The algorithm proposed in this paper has been extensively experimented on the MOOCCubeX dataset, and the experimental results comparing the state-of-the-art knowledge concept recommendation algorithms and learning partner recommendation algorithms show that KLJRec has the best overall performance in the knowledge concept recommendation task, and only performs lower than LPRWHIN in the learning partner recommendation task. This demonstrates the effectiveness of this paper’s algorithm in modelling learners using the three dimensions of human–computer interaction, student–student interaction, and interest characteristics, and shows the reliability of generating learner representations that meet the needs of different tasks with the help of multi-attention mechanisms. In addition, the model was subjected to a large number of ablation studies, which not only verified the effects of human–computer interaction information, student–student interaction information, and students’ interest characteristics on the model performance, but also verified the advantages of multi-task optimization over single-task optimization in terms of recommendation performance and computational cost. The algorithm in this paper can be well applied in multi-tasking scenarios to give learners richer personalised recommendation services while saving computational costs; however, since this algorithm models learners using multiple dimensions, the algorithm requires high data integrity, and the data imbalance problem will have an impact on the recommendation effect of the algorithm in this paper.

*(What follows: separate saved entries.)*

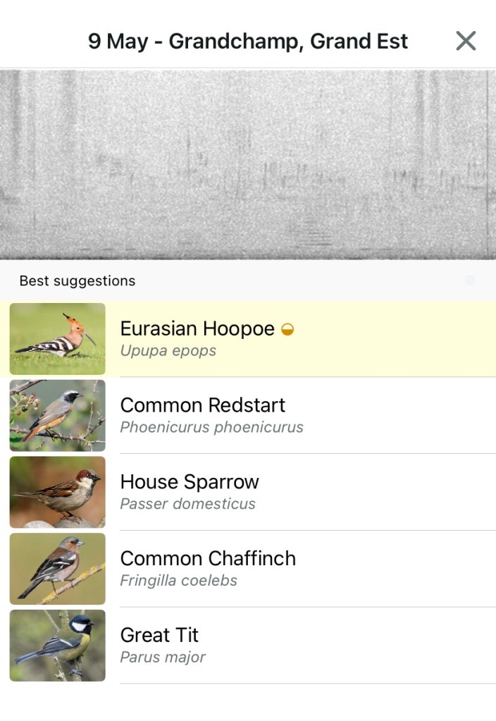 Out in the street there were no signs of yesterday’s bees, but the odd birdsong that I had heard yesterday started up again.  I had my suspicions confirmed when I went down to the river and put the Merlin app on the case. The birds that I had seen yesterday and thought were jays and the regular whoop whoop whoop noises were being made by HOOPOES.
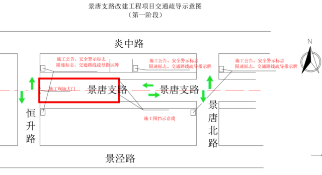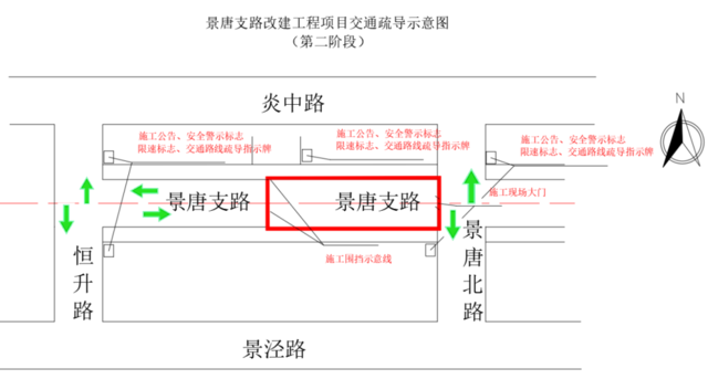 2024年11月22日至2025年1月6日景唐支路東半段封閉施工,封閉期間車輛禁止通行,非機動車和人員可從人行道通行。
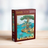 Fedezze fel a kirakózás örömét a fa ágai között pihenő macskákat ábrázoló, gyönyörű motívummal. Ez a 1000 darabos puzzle kellemes kihívást nyújt, és összeállítva dekoratív képet ad 48 × 68 cm méretben, amely minden macska- és puzzlekedvelőnek örömet okoz.

This study focuses on the problem of personalised learning resource recommendation for MOOC platforms. KLJRec depicts a more accurate user profile in terms of students’ human–computer interactions, student–student interactions, and interest profiles, which can improve recommendation accuracy and reduce the risk of task overfitting. Meanwhile, based on the shared expert network, the attention network is used to train the learning of different tasks individually, which reduces the overhead arithmetic while achieving the joint recommendation of knowledge concepts and learning partners for students. Knowledge concept recommendation can effectively alleviate the problem of knowledge disorientation faced by students in the process of online learning, meanwhile, taking into account the loneliness that students are prone to in the process of online learning, the recommendation of learning partners can compensate for the social deficits in the process of students’ online learning. In future research, the concept of knowledge and joint recommendation of learning partners can be considered for application in hybrid smart classroom platforms to model students in more complex environments and provide more personalised learning resource recommendation services, thus assisting teachers to improve course design and enhance teaching effectiveness.